Now, using glob we check the files in the observed directory against the synthetic directory and only add the necessary ones.

In [143]:
import os,glob,re

# Define location of the synthetics
synthetics_dir = "data/" + eqID + "/seismograms/syn/"
synthetics_files = synthetics_dir + "*.sacan"

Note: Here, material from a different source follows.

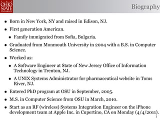 This PhD dissertation by Raffi Khatchadourian discusses techniques for automated software evolution within computer science. It highlights the author's educational background, research contributions, and various publications related to aspect-oriented software development and software maintenance challenges. The dissertation outlines an approach to alleviate burdens in software evolution through automated refactoring and mechanical assistance in development tasks.

# Define location of the observed data
observed_dir = "data/" + eqID + "/seismograms/obs/"
observed_files = observed_dir + "*.sac"

# Create list of all files in the directory
syn_list = glob.glob(synthetics_files)
obs_list = glob.glob(observed_files)

# Verbose?
verbose = 0

counter = 0

# Total number of synthetic files
N = len(syn_list)

# Iterate and delete
for _i, filename in enumerate(syn_list):
    # Increase counter
    counter +=1
    
    # Get name of file
    synfile = os.path.basename(filename).split(".")
    
    # Create pattern to check against
    pattern = observed_dir + synfile[0] + "." \
    + synfile[1] + ".*" + synfile[2][-1] + ".*"
    
    # Check against all filenames in observed list
    if any(re.match(pattern,x) for x in obs_list):
        if verbose:
            print('Keep trace %d of %d: %s' % (counter,N,".".join(synfile)))
    else:
        os.remove(filename)
        if verbose:
            print('Delete trace %d of %d: %s' % (counter,N,".".join(synfile)))
        
if verbose:
    print("\nSynthetics directory is all clean!\n")
    
    
    

In [144]:
# Add synthetics
synthetics_files = "data/" + eqID + "/seismograms/syn/*.sacan"

# verbose?
verbose = 1
files = glob.glob(synthetics_files)
for _i, filename in enumerate(files):
    if verbose:
        print("Adding file %i of %i ..." % (_i + 1, len(files)))
    ds.add_waveforms(filename, tag="synthetics", event_id=event)

print(ds)

Adding file 1 of 37 ...
Adding file 2 of 37 ...
Adding file 3 of 37 ...
Adding file 4 of 37 ...
Adding file 5 of 37 ...
Adding file 6 of 37 ...
Adding file 7 of 37 ...
Adding file 8 of 37 ...
Adding file 9 of 37 ...
Adding file 10 of 37 ...
Adding file 11 of 37 ...
Adding file 12 of 37 ...
Adding file 13 of 37 ...
Adding file 14 of 37 ...
Adding file 15 of 37 ...
Adding file 16 of 37 ...
Adding file 17 of 37 ...
Adding file 18 of 37 ...
Adding file 19 of 37 ...
Adding file 20 of 37 ...
Adding file 21 of 37 ...
Adding file 22 of 37 ...
Adding file 23 of 37 ...
Adding file 24 of 37 ...
Adding file 25 of 37 ...
Adding file 26 of 37 ...
Adding file 27 of 37 ...
Adding file 28 of 37 ...
Adding file 29 of 37 ...
Adding file 30 of 37 ...
Adding file 31 of 37 ...
Adding file 32 of 37 ...
Adding file 33 of 37 ...
Adding file 34 of 37 ...
Adding file 35 of 37 ...
Adding file 36 of 37 ...
Adding file 37 of 37 ...
ASDF file [format version: 1.0.2]: 'data/eq_060994A/eq_060994A.h5' (7.2 MB)
	Contain

In [145]:
print(ds.waveforms["II.ALE"])

Contents of the data set for station II.ALE:
    - Has a StationXML file
    - 2 Waveform Tag(s):
        raw_recording
        synthetics


Now stuff is in ASDF format and we can get the windows using pyflex.

## PyFLEX

Pyflex is an algorithm that finds appropriate windows to compare to traces.